Series · LLM Engineering · Chapter 6

LLM Engineering (6): Long Context — RoPE, YaRN, Sinks

How RoPE encodes position, why naive extension breaks, NTK-aware and YaRN scaling, ALiBi vs RoPE, attention sinks for streaming, and why 1M-context claims often fail at retrieval.

“1M token context” is one of the most over-claimed numbers in LLMs. A model can attend to 1M tokens — that’s an architecture statement. A model can use information at position 800K to answer a question — that’s a behavior statement, and it’s more challenging. This chapter covers the math of position encoding, the engineering tricks that extend context beyond the training length, and why most long-context claims fail needle-in-a-haystack tests.

The history of long-context LLMs in three acts. Act one (2017-2021): models were trained at 512-2048 tokens because attention is $O(n^2)$ and that’s what fit. Act two (2022-2023): efficient attention kernels (FlashAttention, Dao 2022 ) made longer training feasible, and post-hoc context extension techniques (Position Interpolation, NTK-aware scaling, YaRN) let practitioners push pre-trained checkpoints from 4K to 32K and beyond. Act three (2024-2026): native long-context training (Llama 3.1’s 128K, Gemini’s 1-2M, Claude’s 200K) became standard, but the gap between attendable context and useful context remained — and that’s what this chapter is mostly about.

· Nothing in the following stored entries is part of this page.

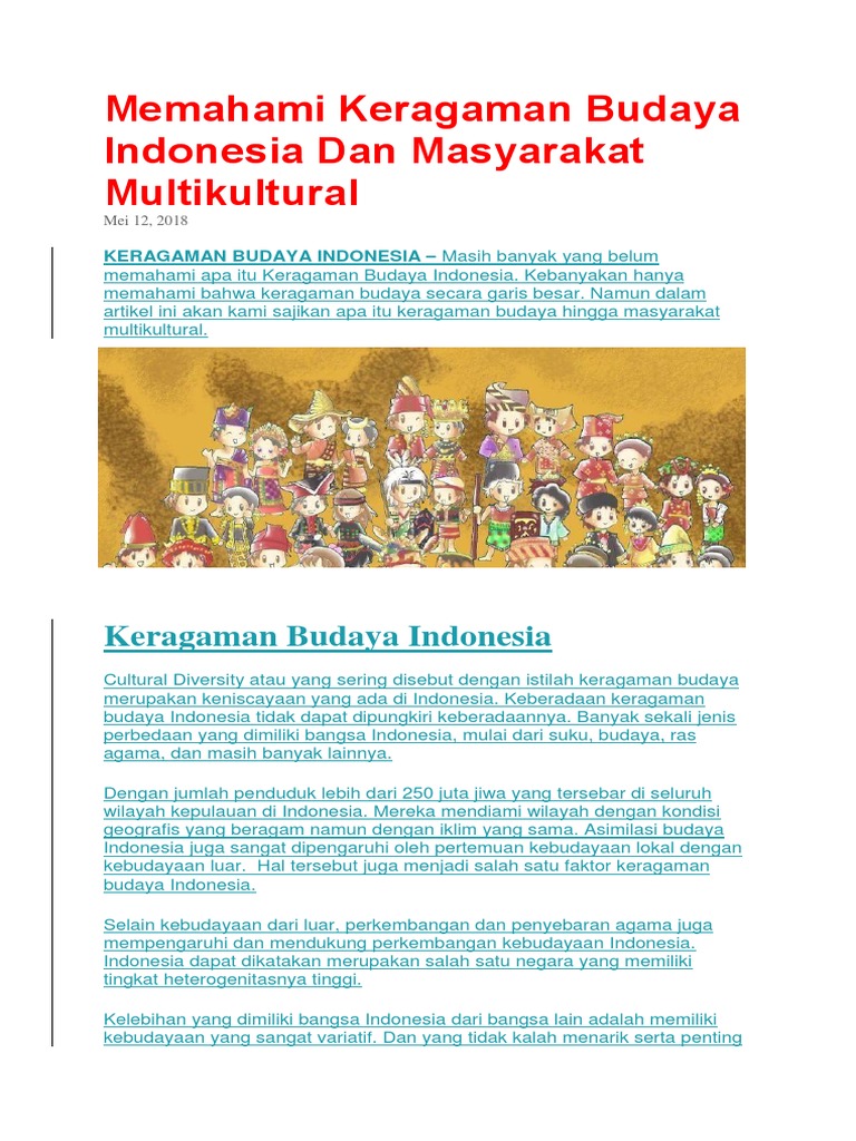 Source: imgv2-2-f.scribdassets.com Keragaman budaya indonesia, sejarah perbedaan kebudayaan di indonesia, ciri keragaman kebudayaan lokal di indonesia selengkapnya. Kekayaan budaya indonesia karena berbagai suku bangsa yang ada. Dalam konteks pemahaman masyarakaty majemuk, selain kebudayaan, selain suku bangsa sekelompok kebudayaan, masyarakat. Keragaman budaya indonesia, sejarah perbedaan kebudayaan di indonesia, ciri keragaman kebudayaan lokal di indonesia selengkapnya. Tercatat lebih dari 1.300 suku bangsa yang ada di indonesia dengan suku jawa sebagai mayoritas, mencapai 41% dari populasi. Semua itu merupakan kekayaan negara indonesia yang sangat. Indonesia merupakan negara kesatuan yang didalamnya terdapat berbagai keragaman dan kekayaan yang tidak ternilai harganya. Hal ini juga diakui secara universal dan menjadikan banyak. Beberapa di antaranya berbentuk bahasa daerah itulah contoh keragaman budaya yang ada dalam masyarakat indonesia.
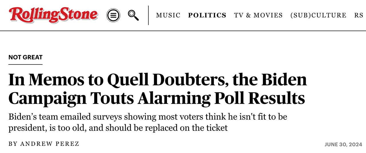 При этом опросы Белого дома демонстрируют, что большинство избирателей не хотят Байдена на второй срок из-за возраста и считают необходимой его замену.
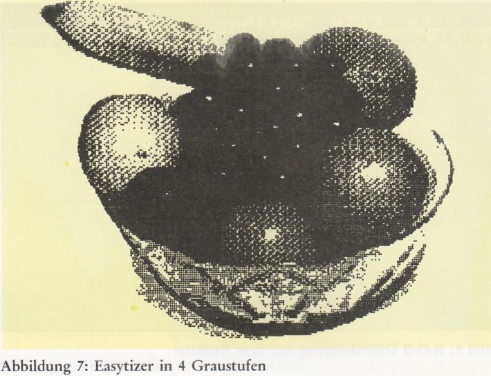 Eine der stärksten Seiten des Digitizers ist die Verarbeitung von Graustufen. Bis zu 16 verschiedene Grautöne lassen sich auf dem Bildschirm wiedergeben. Die Wiedergabe von Graustufen bewirkt einen fließenden Übergang von weiß bis hin zu schwarz, wodurch ein Bild einen weichen, fotoähnlichen Charakter bekommt. Bei einer Schwarz-Weiß-Digitalisierung ohne Erkennung von Grauwerten wird theoretisch jeder einzelne Pixel des Monitors entweder gesetzt oder nicht gesetzt. Beim Realtizer von Print Technik ist die maximale Auflösung jedoch immer eine 2x2 Matrix (vier Pixel), was einer Auflösung von 320x200 Bildpunkten entspricht. Um Grautöne auf einem Schwarzweiß-Monitor wiederzugeben, muß man sich verschiedene Muster schaffen, die aus mehreren Pixeln "bestehen. Dadurch entsteht zwar eine Verminderung der Auflösung (4x4 Matrix), der Gesamteindruck eines Bildes wird jedoch meist verbessert. Man kann in der Menüleiste zwischen vier verschiedenen Optionen wählen: Gar keine Grautöne (bedeutet schwarzweiß), vier, acht oder sechzehn. Erwähnenswert ist die Mühe, die sich der Softwarehersteller bei der Realisierung dieser
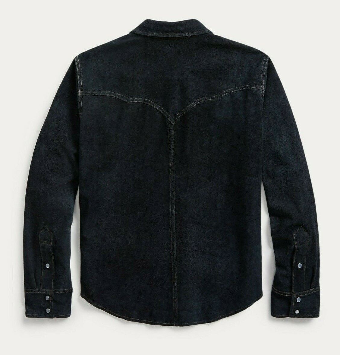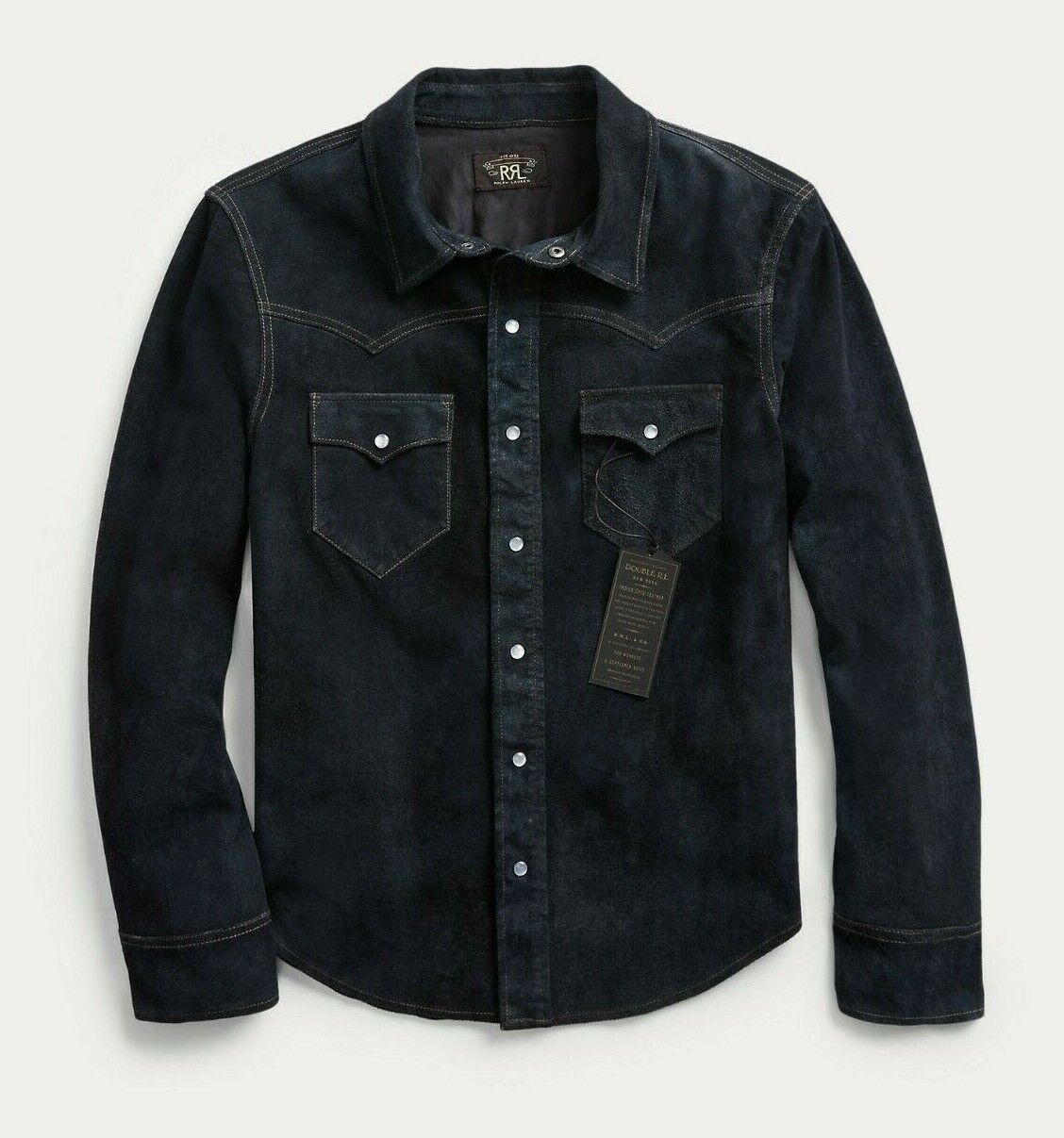 RRL Ralph Lauren Indigo Suede Western Leather Jacket Overshirt XL Extra-Large
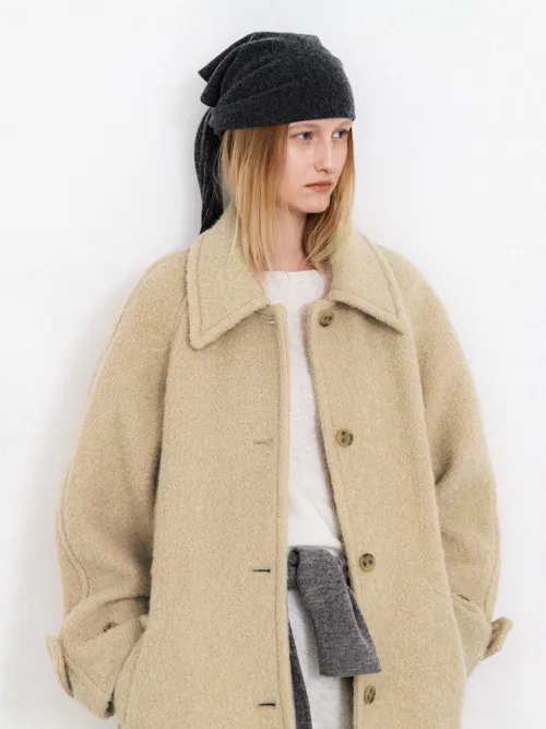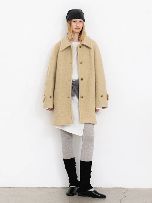柔らかく暖かいウール混紡素材で、ブークレの表面感が際立つコートです。

LLM Engineering (6): Long Context — RoPE, YaRN, Sinks — Chapter overview


Position is not free#

Self-attention is permutation invariant. Without a position signal the model can’t tell “the cat sat on the mat” from “the mat sat on the cat.” Three answers to “how to inject position”:

  1. Sinusoidal absolute (original Transformer): add $\sin/\cos$ functions of position to the token embedding before layer 1.
  2. Learned absolute: learn a position embedding per absolute index up to max length. Used by GPT-2, BERT.
  3. Rotary (RoPE): rotate Q and K vectors by an angle proportional to position, inside every attention layer. Used by LLaMA, Qwen, Mistral, DeepSeek.

RoPE won. It’s the position encoding in every credible 2026 LLM I know. Two reasons: it injects position at every layer (better signal), and the relative position naturally emerges from the dot product, which is what attention needs.

A fourth answer, ALiBi (attention with linear bias), competed seriously around 2022 and lost; we’ll cover it later in this chapter as the most interesting alternative path. A fifth, xPos (Sun et al., 2022), refines RoPE by adding a length-dependent decay for more stable extrapolation. It’s used in DeepSeek and a few other modern models, but the core idea remains RoPE with some engineering polish.

RoPE: the math#

fig1: RoPE rotation visualization

$$\theta_i = b^{-2i/d}, \quad i = 0, 1, ..., d/2 - 1$$

with $b$ the rope base (default 10,000). Each pair of dimensions $(2i, 2i+1)$ rotates at frequency $\theta_i$ . Lower-index pairs rotate fast (carry fine-grained position), higher-index pairs rotate slow (carry coarse position).

$$\langle R(m\theta) q, R(n\theta) k \rangle = \langle q, R((n-m)\theta) k \rangle.$$

This is what makes RoPE work at extrapolation: the model doesn’t see absolute position 50K, it sees a relative offset of $-3$ from the current token, which it has seen a billion times during training.

 1
 2
 3
 4
 5
 6
 7
 8
 9
10
11
12
13
14
def rotate_half(x):
    x1, x2 = x[..., :x.shape[-1]//2], x[..., x.shape[-1]//2:]
    return torch.cat((-x2, x1), dim=-1)

def apply_rope(q, k, cos, sin):
    return q * cos + rotate_half(q) * sin, k * cos + rotate_half(k) * sin

# precompute cos/sin tables
def rope_cos_sin(seq_len, dim, base=10000.0, device="cuda"):
    inv_freq = 1.0 / (base ** (torch.arange(0, dim, 2, device=device).float() / dim))
    t = torch.arange(seq_len, device=device).float()
    freqs = torch.einsum("i,j->ij", t, inv_freq)
    emb = torch.cat([freqs, freqs], dim=-1)
    return emb.cos()[None, None, :, :], emb.sin()[None, None, :, :]

Almost every modern attention kernel handles RoPE inline; this is what’s happening conceptually.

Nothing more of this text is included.